On one trip, a group of my students gathered in front of “The Runaway,” a classic Rockwell scene in which a Massachusetts state trooper—in full uniform—is sitting beside a young boy, the so-called runaway, at the counter of a diner. We had discussed this print in class before the visit, so the children were familiar with it. One student was sitting cross-legged on the wood floor in front of the painting, locked into every word the docent said. This student did not always pay attention in class, and usually handed in work that was not exceptional. Yet when the docent asked questions, this student answered just about every time. If the answer wasn’t right, it was a good guess. I remember thinking, “How is this kid doing it?”
Later that day, we visited the summer home of Daniel Chester French, the famous artist who sculpted the Lincoln Memorial, also located in Stockbridge. After a tour of the artist’s studio, home, and the beautiful grounds, students boarded the bus. When I asked them to reflect on what they had learned, the most insightful comment came from someone who was usually a behavior problem back at school.

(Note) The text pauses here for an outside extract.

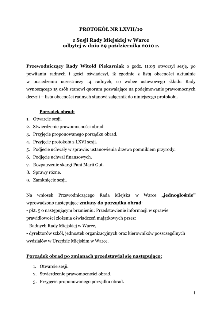 PROTOKÓŁ NR LXVII/10 z Sesji Rady Miejskiej w Warce odbytej w dniu 29 października 2010 r. Przewodniczący Rady Witold Piekarniak o godz. 11:09 otworzył sesję, po powitaniu radnych i gości oświadczył, iż zgodnie z listą obecności aktualnie w posiedzeniu uczestniczy 14 radnych, co wobec ustawowego składu Rady wynoszącego 15 osób stanowi quorum pozwalające na podejmowanie prawomocnych decyzji – lista obecności radnych stanowi załącznik do niniejszego protokołu. Porządek obrad: 1. Otwarcie sesji. 2. Stwierdzenie prawomocności obrad. 3. Przyjęcie proponowanego porządku obrad. 4. Przyjęcie protokołu z LXVI sesji. 5. Podjecie uchwały w sprawie: ustanowienia drzewa pomnikiem przyrody. 6. Podjęcie uchwał finansowych. 7. Rozpatrzenie skargi Pani Marii Gut. 8. Sprawy różne. 9. Zamknięcie sesji. Na wniosek Przewodniczącego Rada Miejska w Warce „jednogłośnie” wprowadzono następujące zmiany do porządku obrad: - pkt. 5 o następującym brzmieniu: Przedstawienie informacji w sprawie prawidłowości złożenia oświadczeń majątkowych przez: - Radnych Rady Miejskiej w Warce, - dyrektorów szkół, jednostek organizacyjnych oraz kierowników poszczególnych wydziałów w Urzędzie Miejskim w Warce. Porządek obrad po zmianach przedstawiał się następująco: 1. Otwarcie sesji. 2. Stwierdzenie prawomocności obrad. 3. Przyjęcie proponowanego porządku obrad. 1 4. Przyjęcie protokołu z LXVI sesji. 5. Przedstawienie informacji w sprawie prawidłowości złożenia oświadczeń majątkowych przez: - Radnych Rady Miejskiej w Warce, - dyrektorów szkół, jednostek organizacyjnych oraz kierowników poszczególnych wydziałów w Urzędzie Miejskim w Warce. 6. Podjecie uchwały w sprawie: ustanowienia drzewa pomnikiem przyrody. 7. Podjęcie uchwał finansowych. 8. Rozpatrzenie skargi Pani Marii Gut. 9. Sprawy różne. 10. Zamknięcie sesji. Ad.4. Przyjęcie protokołu z LXVI sesji. Przewodniczący Rady zapytał radnych, czy wnoszą pytania, uwagi do protokołu Nr LXVI/10 z Sesji Rady Miejskiej w Warce? Ponieważ pytań i uwag nie zgłoszono protokół został poddany pod głosowanie. Protokół Nr LXVI/10 został przyjęty „jednogłośnie”. Ad.5. Przedstawienie informacji w sprawie prawidłowości złożenia oświadczeń majątkowych przez: - Radnych Rady Miejskiej w Warce, - dyrektorów szkół, jednostek organizacyjnych oraz kierowników poszczególnych wydziałów w Urzędzie Miejskim w Warce. Przewodniczący Rady odczytał, pisma w sprawie prawidłowości złożenia oświadczeń majątkowych przez Przewodniczącego Rady Miejskiej, Burmistrza, Radnych Rady Miejskiej oraz dyrektorów szkół, jednostek organizacyjnych oraz kierowników poszczególnych wydziałów w Urzędzie miejskim w Warce. Zgodnie z 2 pismami skierowanymi do Rady Miejskiej oświadczenia majątkowe w/w osób zostały złożone prawidłowo i w terminie, oraz nie zostały wykazane większe niezgodności w treści oświadczeń majątkowych. Ad.6. Podjecie uchwały w sprawie: ustanowienia drzewa pomnikiem przyrody. Przewodniczący Rady przedstawił projekt uchwały druk nr 1 w sprawie: ustanowienia drzewa pomnikiem przyrody. Projekt uchwały stanowi załącznik do niniejszego protokołu. Radny Roman Kulczyk oświadczył, iż Komisje Rolnictwa, Finansów i Zdrowia na wspólnym posiedzeniu zaopiniowały pozytywnie –„jednogłośnie” - projekt uchwały druk nr 1. Następnie Przewodniczący zapytał, czy są pytania, uwagi do przedstawionego projektu uchwały? Ponieważ pytań i uwag nie zgłoszono projekt uchwały został poddany pod głosowanie. Rada Miejska w Rada Miejska w Warce w obecności 14 Radnych „jednogłośnie” – podjęła uchwałę w sprawie: ustanowienia drzewa pomnikiem Przyrody. Ad.7. Podjęcie uchwał finansowych. Przewodniczący Rady przedstawił projekt uchwały druk nr 2 w sprawie: określenia wysokości stawek podatku od środków transportowych na 2011 rok. Projekt uchwały stanowi załącznik do niniejszego protokołu. Radny Roman Kulczyk oświadczył, iż Komisje Rolnictwa, Finansów i Zdrowia na wspólnym posiedzeniu zaopiniowały pozytywnie –11 głosami „za” i 1 głosem „wstrzymującym” - projekt uchwały druk nr 2. 3 Następnie Przewodniczący zapytał, czy są pytania, uwagi do przedstawionego projektu uchwały? Ponieważ pytań i uwag nie zgłoszono projekt uchwały został poddany pod głosowanie. Rada Miejska w Rada Miejska w Warce w obecności 14 Radnych 13 głosami „za” i 1 głosem „wstrzymującym” – podjęła uchwałę w sprawie: określenia wysokości stawek podatku od środków transportowych na 2011 rok. Przewodniczący Rady przedstawił projekt uchwały druk nr 3 w sprawie: gromadzenia dochodów na wydzielonym rachunku przez samorządowe jednostki budżetowe prowadzące działalność określoną w ustawie z dnia 7 września 1991r. o systemie oświaty. Projekt uchwały stanowi załącznik do niniejszego protokołu. Radny Roman Kulczyk oświadczył, iż Komisje Rolnictwa, Finansów i Zdrowia na wspólnym posiedzeniu zaopiniowały pozytywnie –11 głosami „za” i 1 głosem „wstrzymującym” - projekt uchwały druk nr 3. Następnie Przewodniczący zapytał, czy są pytania, uwagi do przedstawionego projektu uchwały? Ponieważ pytań i uwag nie zgłoszono projekt uchwały został poddany pod głosowanie. Rada Miejska w Rada Miejska w Warce w obecności 14 Radnych „jednogłośnie” – podjęła uchwałę w sprawie: gromadzenia dochodów na wydzielonym rachunku przez samorządowe jednostki budżetowe prowadzące działalność określoną w ustawie z dnia 7 września 1991r. o systemie oświaty. 4 Przewodniczący Rady przedstawił projekt uchwały druk nr w sprawie: wprowadzenia zmian w uchwale budżetowej na rok 2011. Projekt uchwały stanowi załącznik do niniejszego protokołu. Radny Roman Kulczyk oświadczył, iż Komisje Rolnictwa, Finansów i Zdrowia na wspólnym posiedzeniu zaopiniowały pozytywnie –10 głosami „za

On this day, though, and in this alternate setting, the student seemed almost compelled to learn, recalling fine details of information that the tour guide perhaps mentioned only once.
I feel fortunate to work in a district where such trips are valued. To the administrators, teachers, and parents in districts where standardized testing reigns, I would urge that they support a few meaningful trips outside the classroom each year. If paying for them is the problem, perhaps they could secure funding from outside sources, by forging relationships and applying for grants from local businesses, for example.
Field trips broaden students’ lives, provide them with valuable cultural experiences, and—who knows—perhaps give them a store of background knowledge for their next bubble-in test.